The data and variables names are in different files; you will likely need them both. The goal here is to predict the age of the abalone using the other variables in the dataset because the traditional method for aging these organisms is boring and tedious.

There are two challenges (in my opinion):

1. You should try to build the best, bagging-based model (this includes random forests) to predict age.

2. The UC Irvine Machine Learning Repository classifies this dataset as a "classification" dataset, but age is stored as a numeric (albeit discrete-valued) variable. So, I think it could maybe be reasonable to treat this as a regression problem. It's up to you!

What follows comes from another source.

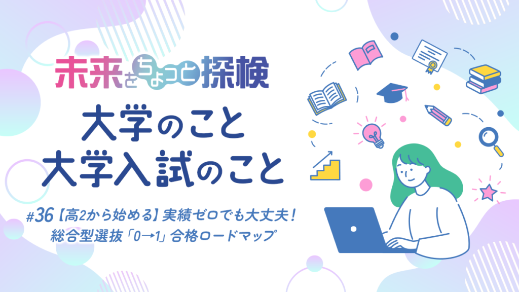今回のテーマは「【高2から始める】実績ゼロでも大丈夫!総合型選抜「0→1」合格ロードマップ」です。

Submit your HTML or .ipynb file here.

In [4]:
import pandas as pd
import numpy as np
from sklearn.model_selection import train_test_split, GridSearchCV, cross_val_score, RepeatedStratifiedKFold, RepeatedKFold
from sklearn.compose import make_column_selector, ColumnTransformer
from sklearn.preprocessing import StandardScaler, OneHotEncoder, PolynomialFeatures
from sklearn.metrics import (confusion_matrix, accuracy_score, precision_score,
                             recall_score, roc_auc_score, f1_score, roc_curve, classification_report, 
                             cohen_kappa_score)
from sklearn.neighbors import KNeighborsClassifier
from sklearn.tree import DecisionTreeClassifier
from sklearn.pipeline import Pipeline
import matplotlib.pyplot as plt
from sklearn.linear_model import LogisticRegression
import warnings
from sklearn.exceptions import ConvergenceWarning
from sklearn.ensemble import BaggingClassifier, RandomForestClassifier
import seaborn as sns
from sklearn.ensemble import BaggingRegressor

#suppress convergence warnings
warnings.simplefilter("ignore", ConvergenceWarning)
pd.options.mode.chained_assignment = None

In [5]:
# load in the data

column_names = [
    'Sex', 'Length', 'Diameter', 'Height',
    'WholeWeight', 'ShuckedWeight',
    'VisceraWeight', 'ShellWeight', 'Rings'
]
abalone = pd.read_csv("abalone.data", header=None, names=column_names)


## Bagging Classification

In [None]:
X = pd.get_dummies(abalone.drop("Rings", axis=1), drop_first=True)
y = abalone["Rings"]

model = BaggingClassifier()

# evaluate the model
cv = RepeatedStratifiedKFold(n_splits=10, n_repeats=3, random_state=1)
n_scores = cross_val_score(model, X, y, scoring='accuracy', cv=cv, n_jobs=-1, error_score='raise')
# report performance
print('Accuracy: %.3f (%.3f)' % (np.mean(n_scores), np.std(n_scores)))



Accuracy: 0.233 (0.021)


In [11]:
model.fit(X, y)
predictions = model.predict(X)
avg_pred = np.mean(predictions)
avg_pred

np.float64(9.915250179554704)

## Bagging Regressor

In [8]:
# define the model
model2 = BaggingRegressor()
# evaluate the model
cv = RepeatedKFold(n_splits=10, n_repeats=3, random_state=1)
n_scores = cross_val_score(model2, X, y, scoring='neg_mean_absolute_error', cv=cv, n_jobs=-1, error_score='raise')
# report performance
print('MAE: %.3f (%.3f)' % (np.mean(n_scores), np.std(n_scores)))

MAE: -1.619 (0.074)


In [10]:

model2.fit(X, y)
predictions = model2.predict(X)
avg_pred = np.mean(predictions)
avg_pred

np.float64(9.948288245152023)

For the bagging regression model, the predicted average rings is approximately 9.95.